*** Opening DATA FOR ANALYSIS ***

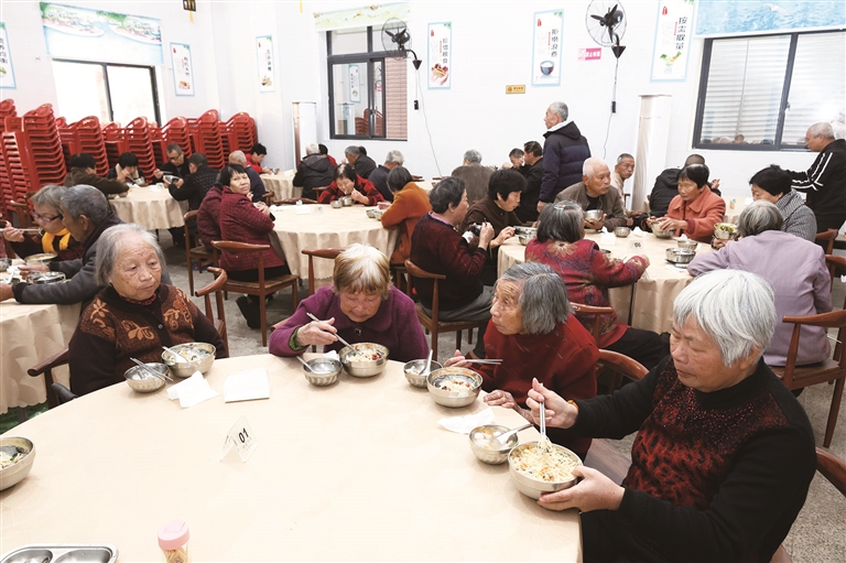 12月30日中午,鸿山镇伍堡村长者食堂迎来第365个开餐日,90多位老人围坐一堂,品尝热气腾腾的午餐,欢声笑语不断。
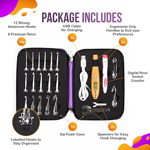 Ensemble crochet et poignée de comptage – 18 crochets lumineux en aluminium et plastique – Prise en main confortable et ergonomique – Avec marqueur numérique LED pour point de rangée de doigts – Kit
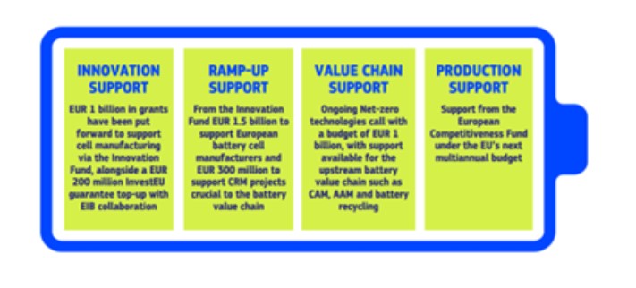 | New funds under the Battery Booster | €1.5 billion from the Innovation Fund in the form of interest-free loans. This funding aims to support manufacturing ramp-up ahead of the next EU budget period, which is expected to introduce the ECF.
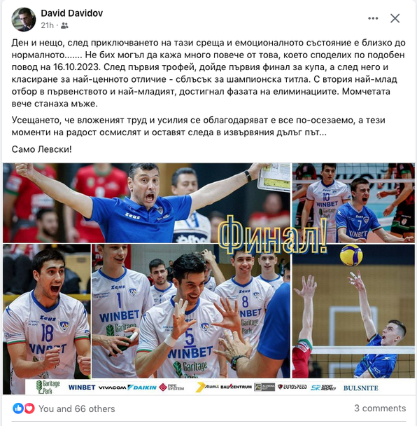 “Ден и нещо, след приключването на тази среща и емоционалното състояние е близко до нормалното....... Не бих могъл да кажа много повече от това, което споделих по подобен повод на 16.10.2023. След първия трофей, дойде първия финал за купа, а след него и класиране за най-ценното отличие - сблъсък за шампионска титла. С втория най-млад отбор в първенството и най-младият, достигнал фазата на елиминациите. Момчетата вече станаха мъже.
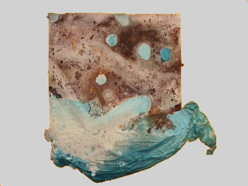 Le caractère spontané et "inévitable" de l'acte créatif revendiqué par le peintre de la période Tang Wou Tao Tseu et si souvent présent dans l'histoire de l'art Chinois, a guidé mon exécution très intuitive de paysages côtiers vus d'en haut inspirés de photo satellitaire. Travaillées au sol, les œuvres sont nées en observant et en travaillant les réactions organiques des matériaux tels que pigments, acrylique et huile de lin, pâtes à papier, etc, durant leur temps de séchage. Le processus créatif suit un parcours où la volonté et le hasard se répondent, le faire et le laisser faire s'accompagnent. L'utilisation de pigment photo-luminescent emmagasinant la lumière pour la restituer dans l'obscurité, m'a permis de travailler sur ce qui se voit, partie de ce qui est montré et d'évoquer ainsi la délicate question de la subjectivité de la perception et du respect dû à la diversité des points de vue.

*** Closing DATA FOR ANALYSIS ***

■ TASK INSTRUCTIONS:
Leave out the pictures and restate, word for word, the lines from the top of the data through the line containing "вече станаха мъже.", both included.

■ ANSWER FOR THIS EXERCISE:
 12月30日中午,鸿山镇伍堡村长者食堂迎来第365个开餐日,90多位老人围坐一堂,品尝热气腾腾的午餐,欢声笑语不断。
 Ensemble crochet et poignée de comptage – 18 crochets lumineux en aluminium et plastique – Prise en main confortable et ergonomique – Avec marqueur numérique LED pour point de rangée de doigts – Kit
 | New funds under the Battery Booster | €1.5 billion from the Innovation Fund in the form of interest-free loans. This funding aims to support manufacturing ramp-up ahead of the next EU budget period, which is expected to introduce the ECF.
 “Ден и нещо, след приключването на тази среща и емоционалното състояние е близко до нормалното....... Не бих могъл да кажа много повече от това, което споделих по подобен повод на 16.10.2023. След първия трофей, дойде първия финал за купа, а след него и класиране за най-ценното отличие - сблъсък за шампионска титла. С втория най-млад отбор в първенството и най-младият, достигнал фазата на елиминациите. Момчетата вече станаха мъже.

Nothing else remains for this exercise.